### TASK REQUIREMENTS
Would you print only the lines running from the one with "Also - Here" to the final line of the data below, word for word and without pictures?

[Records from a collection]
____________________

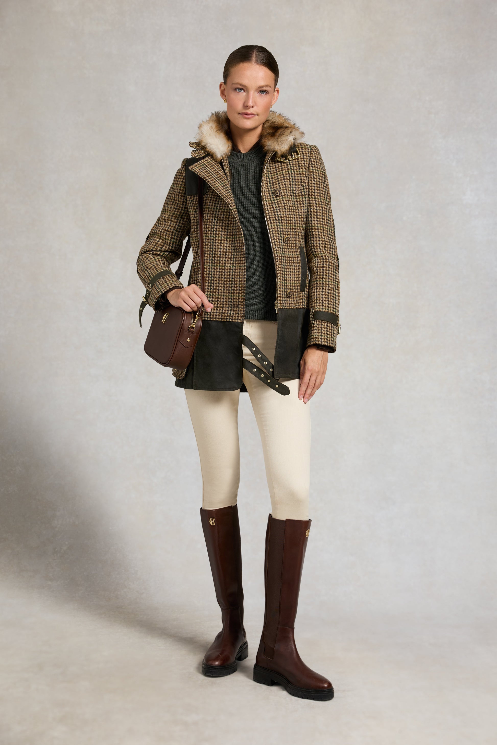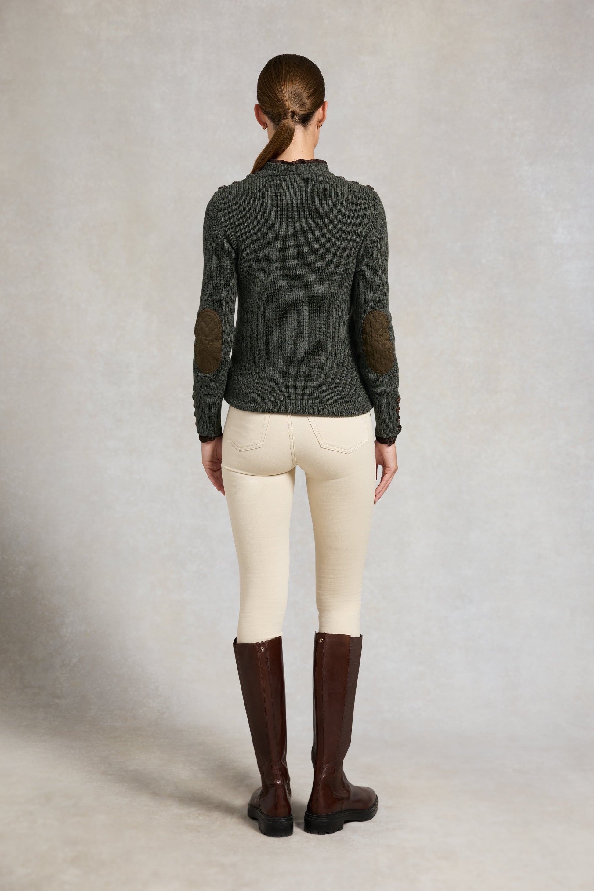 This country-style slim-fit jumper has faux suede trims that give it a distinct heritage style. Trimmed with horn-style buttons for added country chic and finished with a luxury suede gunpatch on the shoulder. Perfect paired with our field blazer or field vest and silk scarf.
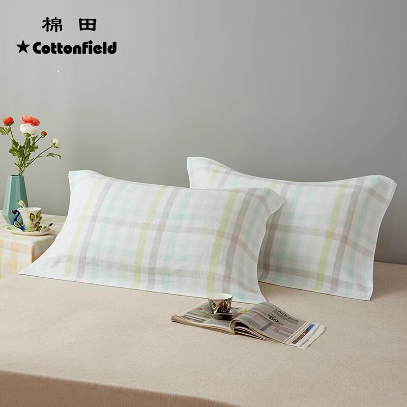 棉田纯棉枕巾无捻纱全棉柔软透气吸汗情侣家用纯棉枕巾一对装 春天里 枕巾-粉色2条 80cm*50cm
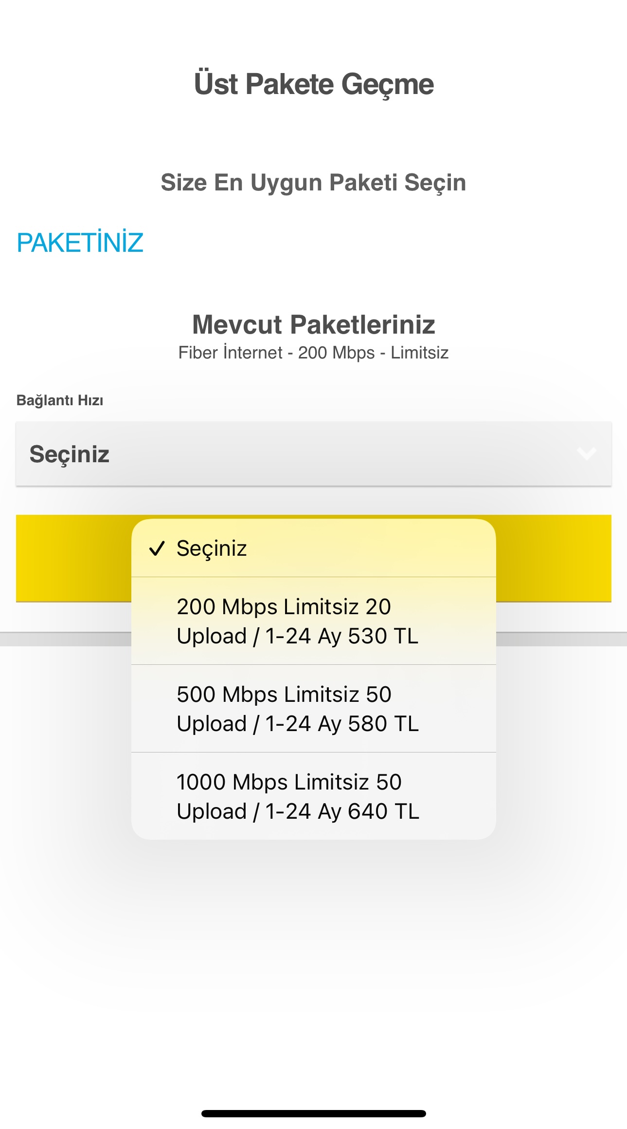 İnterneti yükseltmeyi düşünüyordum da uygulama üzerinden eski sözleşme fiyatlarına rastladım.
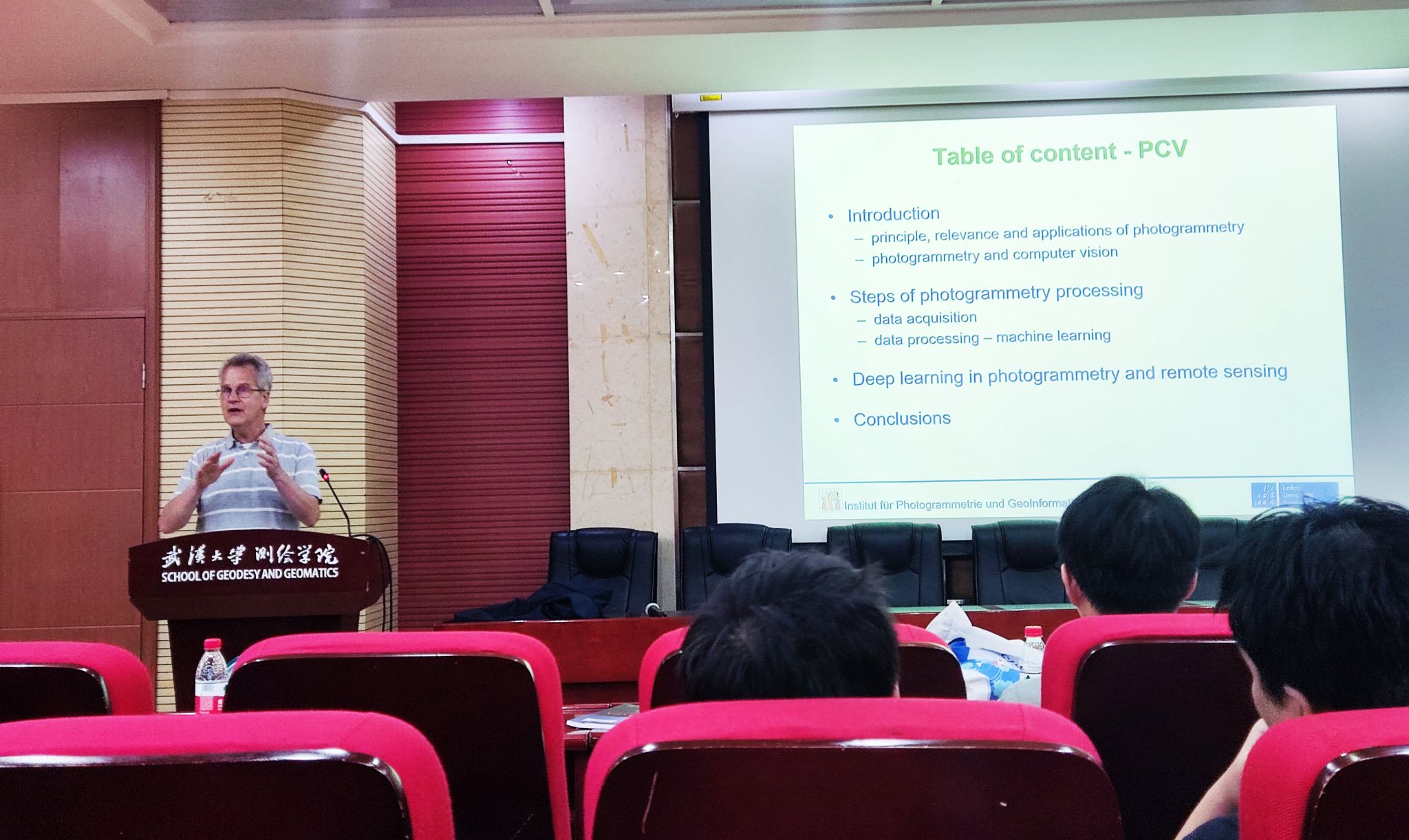 作为上一任ISPRS主席(2016-2022),Heipke教授首先为大家梳理了目前国际摄影测量与遥感协会的组织与构成,并对当前由中国学者负责的专题委员会做了简单介绍。针对目前摄影测量与计算机视觉的交叉问题,heipke教授就这两门科学所针对任务类型的异同点做出了解释。随后,heipke教授以摄影测量、遥感数据获取为出发点,介绍了相关的数据处理技术,以及产品生成,对摄影测量中完整故事线进行了详细介绍。此次报告中,针对数据处理中的几个关键技术和步骤,heipke教授就深度学习相关技术在其中的应用做了介绍,例如:就倾斜摄影测量中特征提取与匹配困难的问题,大倾角影像匹配中局部patch存在不确定的仿射变换关系,介绍了一种基于有监督学习的CNN方法并用于预测匹配patch之间合理的仿射变换,提高了大视角倾斜影像的匹配质量;针对密集匹配中深度信息变化剧烈的匹配退化及匹配可靠性问题,分别介绍了其课题组在基于深度学习模型提高视差图质量和预测密集匹配不确定性的相关研究。此外,针对摄影测量研究被摄物体特性、属性的问题,heipke教授介绍了一种可以提高土地覆盖分类任务精度的改进U-NET模型;针对土地利用中存在的同一土地覆盖属性可能存在不同利用类型的问题,介绍了一种由粗到细的分层预测网络模型。
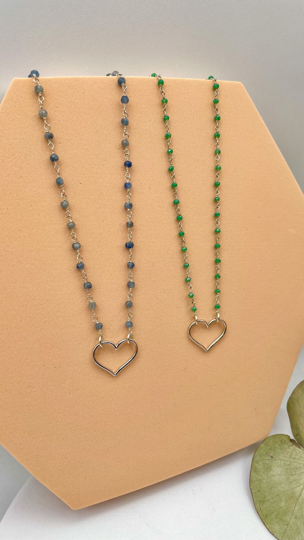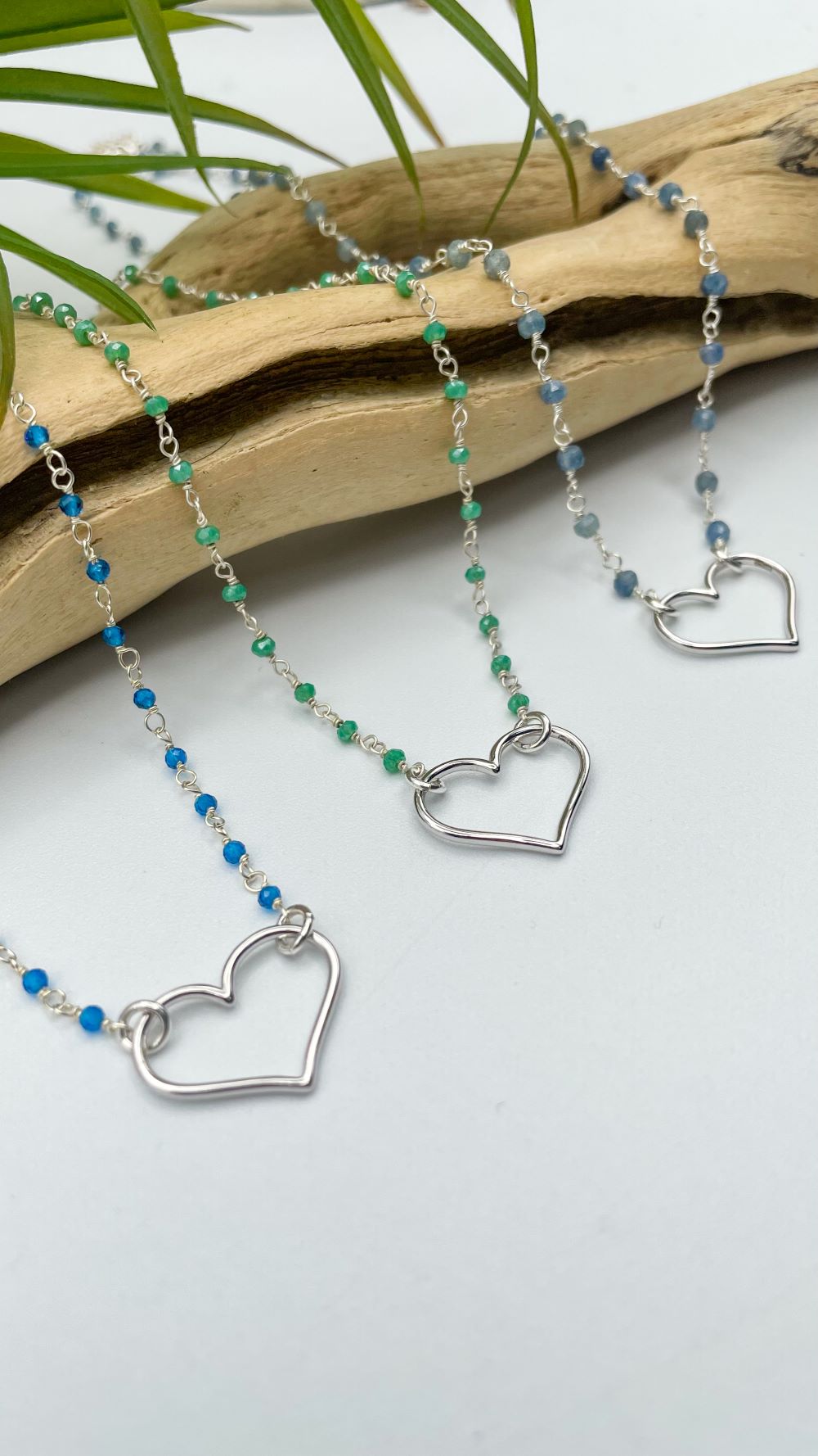 Le collier en argent est orné de pierre au choix ; bleues pétroles, de calcédoine ou d’onyx vert. A vous de choisir la couleur du collier cœur chaine perlée en fonction de la personnalité de la personne à qui vous comptez offrir ce collier rempli d’amour. Ornementée de pierres gemmes bleues ou vertes, la chaîne complète le collier cœur avec une touche de couleur vive et de brillance éclatante. Ces pierres, choisies avec soin, ajoutent une dimension supplémentaire d’élégance et de raffinement à votre collier.
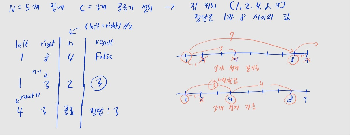 can_build가 False가 아닌 경우, 가장 인접한 두 공유기 사이 거리인 result를 반환.result로 두었을 때, 모든 공유기를 설치 가능하단 소립니다. (이때 n <= result 입니다)result보다 거리를 더 늘려도, 설치가 가능할 수도 있잖아요.answer에 현재 result를 저장하고, left = result + 1로 설정해 result보다 더 큰 위치의 값을 찾아봅니다.can_build가 False인 경우,right = n - 1로 설정해, n보다 더 좁은 범위의 값을 찾아봅니다.import sys
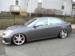 Also - Here is a picture of my car, not the best quality sorry about that. Sitting on Tein basic coilovers with 20x9.5 - 20x10.5 Staggered MK rims - Fenders rolled and widened
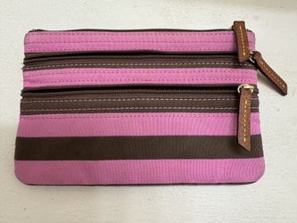 Women’s Dooney & Burke Cosmetic bag/clutch pink and brown with 3 zip compartments$18Trenton, NJ
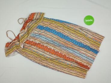Sukienka damska bez ramiączek marki Oncia, w rozmiarze 38. Górna część w kolorze beżowym, natomiast rozkloszowany dół sukienki ozdobiony jest wzorem w poziome pasy w odcieniach żółci, brązu, beżu i...

____________________

### RESULT OF THE EXERCISE
 Also - Here is a picture of my car, not the best quality sorry about that. Sitting on Tein basic coilovers with 20x9.5 - 20x10.5 Staggered MK rims - Fenders rolled and widened
 Women’s Dooney & Burke Cosmetic bag/clutch pink and brown with 3 zip compartments$18Trenton, NJ
Sukienka damska bez ramiączek marki Oncia, w rozmiarze 38. Górna część w kolorze beżowym, natomiast rozkloszowany dół sukienki ozdobiony jest wzorem w poziome pasy w odcieniach żółci, brązu, beżu i...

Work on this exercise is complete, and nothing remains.